Market Outlook: Revisiting the 2023 Bull Run and What Comes Next – The Average Joe

    Market Outlook: Revisiting the 2023 Bull Run and What Comes Next

    Victor Lei — Head of Research

    July 3, 2023

    July 3, 2023

    The mood in the market is overwhelmingly bullish — but that wasn’t the case just six months earlier.

    • Wall Street analysts entered the year expecting the S&P 500 to be flat in 2023 — just for markets to rip higher in the face of their estimates.
    • To start the year, 42 analysts predicted the S&P 500 would finish at 4.2K by the end of 2023. The S&P 500 is now 6% above that.

    History says… Since the early 1950s, when the S&P 500 rose over 10% in the first half, it went up another median of 10% in the second half, per Carson Group’s Chief Market Strategist Ryan Detrick (BBG) — expecting markets to move higher as long as the US avoids a recession.

    Uncertainties going into the second half

    1/ Recession when? If at all? “Ladies and Gentleman, the recession has been cancelled!” — per a note by Economic Outlook Group’s chief global economist last week.

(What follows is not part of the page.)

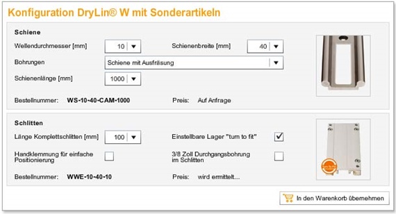 QuickLin - Configurateur drylin® avec produits spéciaux

    • Economic data continues to come in better than expected, employment remains strong, and the housing market continues to hold steady.

    2/ Fed to raise rates again or not? Despite pausing last month, the Fed reiterated that more rate hikes are coming (two expected) — keeping a lid on potential returns.

    • The higher interest rates go, the higher the odds that the Fed will break the economy — pushing the US into a recession.

    3/ What to do with all that cash? A near-record level of cash is sitting in money market funds with yields as high as 5%. And Wall Street is looking closely to see whether it’ll flow into stocks.

    • Those who “missed out on the rally may feel like they need to start buying stocks. This is more fuel for the bull market.” — per Strategas Securities managing director (BBG).

    What’s missing from the market? The S&P 500 isn’t cheap at an 18.8x forward price-to-earnings multiple — higher than its 10-year 17.4x average.

    And some are looking for corporate earnings to catch up or returns to broaden beyond the tech giants — before markets can continue to rise.